Report every line of the records that contains the word "with".
****************************************
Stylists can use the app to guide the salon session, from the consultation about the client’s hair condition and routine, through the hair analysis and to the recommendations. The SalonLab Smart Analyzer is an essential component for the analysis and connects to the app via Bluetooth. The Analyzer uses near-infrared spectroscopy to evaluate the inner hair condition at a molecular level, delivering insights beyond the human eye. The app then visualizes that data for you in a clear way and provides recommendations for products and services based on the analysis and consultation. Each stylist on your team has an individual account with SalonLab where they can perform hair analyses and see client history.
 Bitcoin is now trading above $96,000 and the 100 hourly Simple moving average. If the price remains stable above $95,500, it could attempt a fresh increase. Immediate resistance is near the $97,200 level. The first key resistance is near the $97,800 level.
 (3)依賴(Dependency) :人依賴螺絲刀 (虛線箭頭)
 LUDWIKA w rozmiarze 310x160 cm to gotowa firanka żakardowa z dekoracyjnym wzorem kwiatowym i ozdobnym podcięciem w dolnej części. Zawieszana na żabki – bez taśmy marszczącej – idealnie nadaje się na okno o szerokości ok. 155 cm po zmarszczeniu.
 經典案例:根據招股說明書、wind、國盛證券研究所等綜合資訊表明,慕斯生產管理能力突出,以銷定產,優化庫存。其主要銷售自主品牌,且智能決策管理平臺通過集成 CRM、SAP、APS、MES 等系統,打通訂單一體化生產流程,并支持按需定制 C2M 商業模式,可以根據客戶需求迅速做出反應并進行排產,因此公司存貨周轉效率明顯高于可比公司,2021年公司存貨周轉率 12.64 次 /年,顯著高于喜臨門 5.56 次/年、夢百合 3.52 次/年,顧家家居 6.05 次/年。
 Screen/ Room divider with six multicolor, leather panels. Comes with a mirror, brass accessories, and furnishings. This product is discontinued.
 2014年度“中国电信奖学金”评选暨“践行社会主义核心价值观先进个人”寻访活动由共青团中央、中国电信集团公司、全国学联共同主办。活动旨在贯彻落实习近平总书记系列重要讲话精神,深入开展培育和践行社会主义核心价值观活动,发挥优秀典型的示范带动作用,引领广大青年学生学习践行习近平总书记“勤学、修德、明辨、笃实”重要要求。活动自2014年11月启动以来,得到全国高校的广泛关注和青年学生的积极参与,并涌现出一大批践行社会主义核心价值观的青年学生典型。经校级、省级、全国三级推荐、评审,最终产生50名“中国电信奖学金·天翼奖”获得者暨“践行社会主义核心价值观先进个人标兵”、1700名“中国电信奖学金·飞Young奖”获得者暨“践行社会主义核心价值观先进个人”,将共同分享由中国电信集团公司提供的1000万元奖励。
****************************************
Result:
Stylists can use the app to guide the salon session, from the consultation about the client’s hair condition and routine, through the hair analysis and to the recommendations. The SalonLab Smart Analyzer is an essential component for the analysis and connects to the app via Bluetooth. The Analyzer uses near-infrared spectroscopy to evaluate the inner hair condition at a molecular level, delivering insights beyond the human eye. The app then visualizes that data for you in a clear way and provides recommendations for products and services based on the analysis and consultation. Each stylist on your team has an individual account with SalonLab where they can perform hair analyses and see client history.
 Screen/ Room divider with six multicolor, leather panels. Comes with a mirror, brass accessories, and furnishings. This product is discontinued.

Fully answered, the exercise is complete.